FDA to ban menthol cigarettes and flavored cigars. Nearly a million smokers may quit. - Poynter

2022-05-14 17:21:59 By : Mr. Lucas Xiang

Covering COVID-19 is a daily Poynter briefing of story ideas about the coronavirus and other timely topics for journalists, written by senior faculty Al Tompkins. Sign up here to have it delivered to your inbox every weekday morning.

The Food and Drug Administration is banning menthol cigarettes. The FDA’s announcement did not come with an enforcement date, only saying it will work toward developing a regulation that bans these products “within the next year.” The FDA also proposed a ban on flavored cigars, including small ones called cigarillos that young smokers like.

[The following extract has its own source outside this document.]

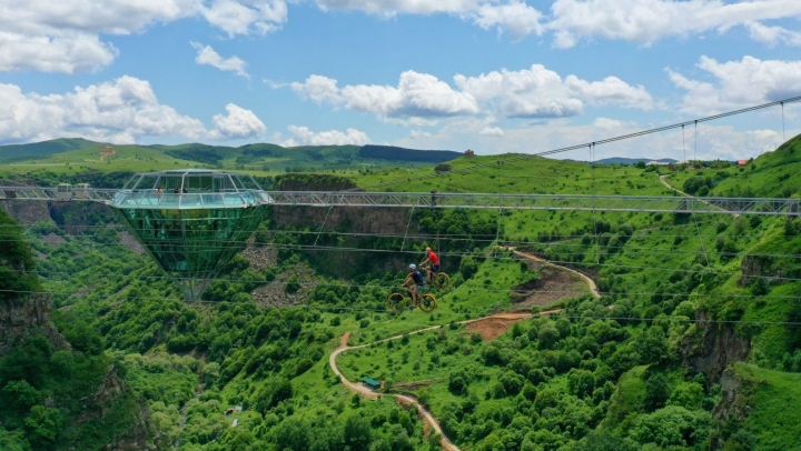 Прогулка здесь – настоящее приключение. Над каньоном устроены навесные мостики, которые на многих участках прозрачные. Их общая протяженность – 780 метров. В конце маршрута – смотровая площадка, откуда открываются потрясающий вид на ущелье реки Лухумела. Дорога до мостиков занимает около часа пешком и проходит через красивый парк Дадиани.

A recent Centers for Disease Control and Prevention survey found 28% of teen smokers light up menthol cigarettes.

“Banning menthol — the last allowable flavor — in cigarettes and banning all flavors in cigars will help save lives, particularly among those disproportionately affected by these deadly products,” acting FDA Commissioner Janet Woodcock said in a statement.

Stat included some important context about when the ban might begin and what difference it could make:

“It’s really impossible to predict,” said the director of the FDA’s tobacco center, Mitch Zeller, who noted that a previous regulation on menthol received more than 175,000 comments, all of which the FDA was required to consider. “There are very important considerations, starting with legal considerations, about getting this right.”

The ban comes on the heels of a similar decision by the European Union and Canada. A number of states, including Massachusetts and California, have also attempted to enact their own menthol bans.

Public health advocates, who have insisted that banning menthol will help ameliorate health disparities between white and Black Americans and blunt youth tobacco use, celebrated the FDA’s move. They argue that Black Americans smoke menthols at a higher rate than other racial groups because the tobacco industry has targeted its menthol marketing toward Black communities.

Zeller, the tobacco center director, cited a study claiming a U.S. menthol ban would prompt 923,000 smokers to quit, including 230,000 African Americans, in the first 13 to 17 month after a ban was enacted.

“The FDA has taken a historic, life-saving step. Menthol has long been the tobacco industry’s most sacrosanct flavor, responsible for addicting millions of people to their deadly products,” former CDC Director Richard Besser said in a statement. “Banning menthol cigarettes will most assuredly save lives, eliminate great suffering, and reduce health care costs.”

The Agriculture Department says beef, poultry, egg and dairy products will rise the fastest this year. Chicken prices are forecast to rise as much as 8.5% by the end of this year. The war in Ukraine is one significant factor behind the higher food prices because it has resulted in higher grain prices globally.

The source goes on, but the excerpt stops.